El Problema de la Metafísica y el Conocimiento Científico

Definición de Trascendental

El término trascendental se refiere a la condición de posibilidad del conocimiento de las cosas, en concreto de objetos, es decir, a las cosas del mundo empírico (fenómenos).

La Metafísica frente a las Ciencias

El problema esencial que Kant se plantea en la Crítica de la Razón Pura es la posibilidad de la metafísica. Manifiesta su perplejidad ante la situación en la que se encuentra esta disciplina. La falta de acuerdo ha convertido la metafísica en un mero «andar a tientas».

Es ejemplar, para Kant, el caso de la Lógica, las Matemáticas y la Física. La clave de la fortuna de estas tres ciencias reside en la seguridad y certeza con las que la razón avanza en ellas. Que estas disciplinas sean ciencias significa que progresan, sumando y ampliando conocimientos.

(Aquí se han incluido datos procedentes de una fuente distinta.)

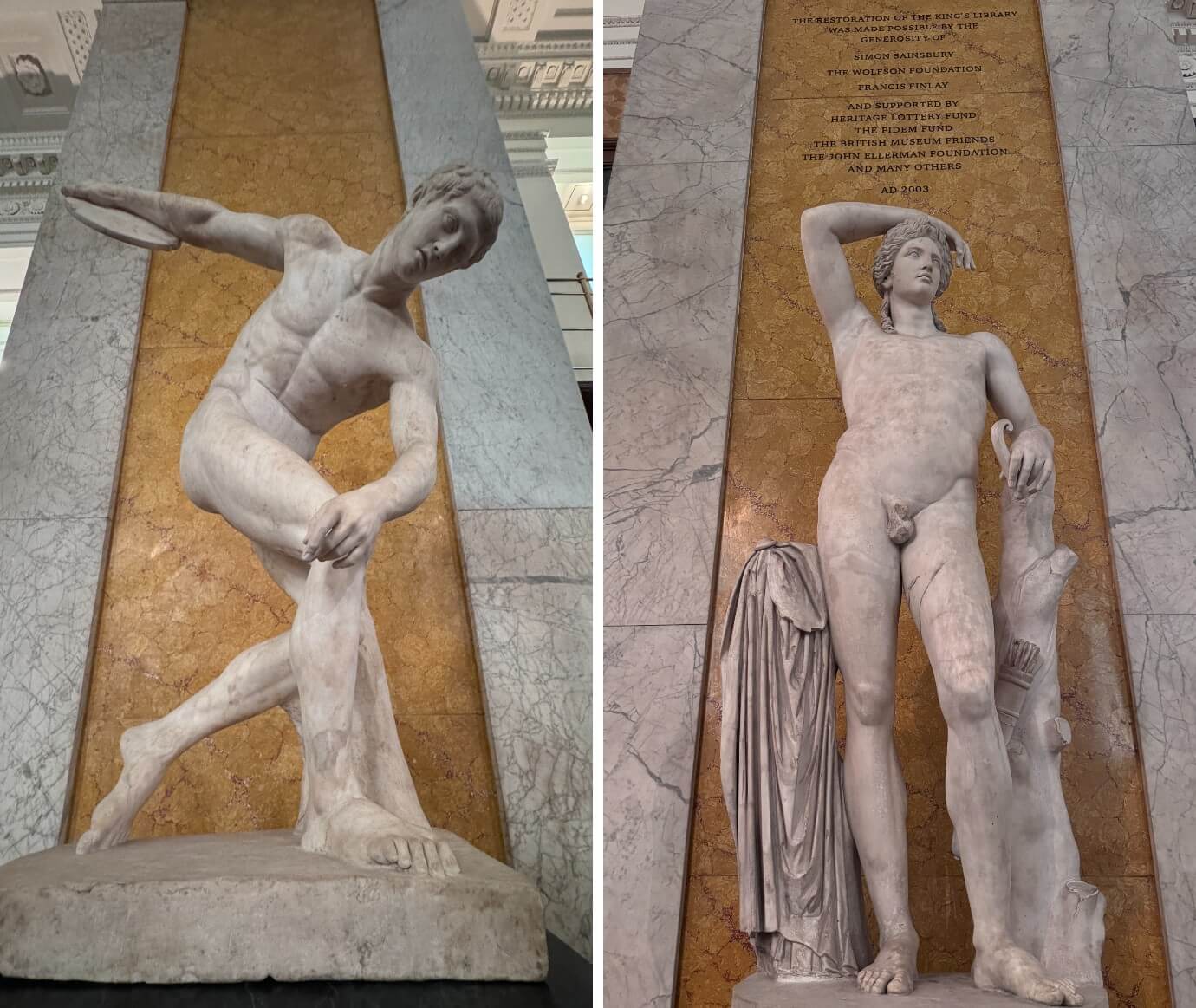 ↓兩座羅馬於公元2世紀所塑的人形雕像,左邊是迪斯科博盧斯(Discobolus),右邊則是阿波羅(Apollo)。
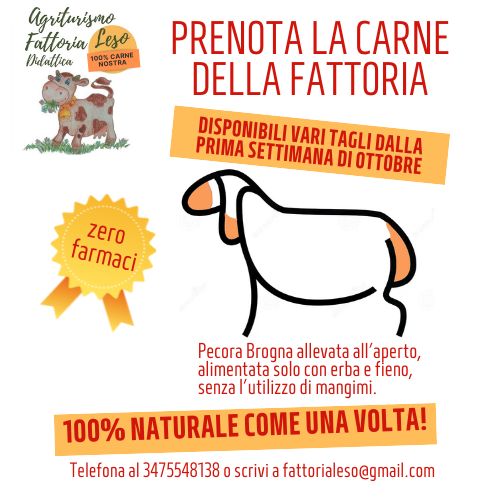 Posted on 01/09/2024 di AdminPrenota la carne della fattoria Pecora Brogna allevata all’aperto, alimentata solo con erba e fieno, senza l’utilizzo di mangimi.Disponibili vari tagli dalla prima settimana di ottobreTelefona al 3475548138 o scrivi a fattorialeso@gmail.com Condividi: Fai clic per condividere su Facebook (Si apre in una nuova finestra) Facebook Fai clic per condividere su WhatsApp (Si apre in una nuova finestra) WhatsApp Fai clic qui per condividere su LinkedIn (Si apre in una nuova finestra) LinkedIn Fai clic per condividere su Telegram (Si apre in una nuova finestra) Telegram Mi piace Caricamento...

Sin embargo, la metafísica, «la reina de todos los saberes», se encuentra en una situación muy diferente. Desde sus inicios, ha recorrido un viaje de constantes idas y venidas, donde el final del camino siempre es el inicio. Kant afirma que no existe un solo libro de metafísica que pueda ser citado como guía definitiva del saber. Resumiendo, la metafísica aún no ha encontrado el camino de la ciencia.

La pregunta central es: ¿Puede la metafísica llegar a ser una ciencia? Para responder a esta cuestión, es necesario analizar las condiciones que hacen posible el conocimiento científico y comprobar si esas mismas condiciones pueden darse en metafísica.

Distinción entre Saber, Conocimiento y Especulación

El Saber es una modalidad del pensar. Se distingue así:

  • Cuando lo pensado tiene origen en la experiencia (fenómeno) se produce conocimiento.
  • Si lo que se piensa está desvinculado de la experiencia, como ocurre en la metafísica, se produce especulación.

La forma del conocimiento científico es la de los juicios sintéticos a priori.

Limitación del Uso de la Razón a los Fenómenos

Kant señala con toda claridad que la utilidad de la Crítica de la Razón Pura es doble:

Utilidad Negativa

Consiste en impedir que la razón especulativa traspase los límites de la experiencia y negar cualquier posibilidad de conocimiento a todo aquello que no esté elaborado trascendentalmente. Solo los fenómenos, que son una construcción a priori del espacio y el tiempo, pueden llegar a ser ciencia, y son la materia en la que el pensamiento aplica las categorías.

Nada que esté soportado en las cosas en sí (el noúmeno) puede tener un estatus de conocimiento verdadero. Esta es una utilidad negativa porque impide que el pensamiento traspase los límites de la experiencia. El «conocimiento teórico» siempre tiene que estar limitado a los fenómenos.

Utilidad Positiva

Esta misma labor negativa es, en realidad, una importante utilidad positiva porque también impide que la razón se introduzca en el territorio moral. Libera a la moralidad de las amenazas de la metafísica tradicional, al hacer que la moralidad se fundamente en los noúmenos positivos, expresión de los deseos humanos en lo referente a la libertad y convivencia humanas.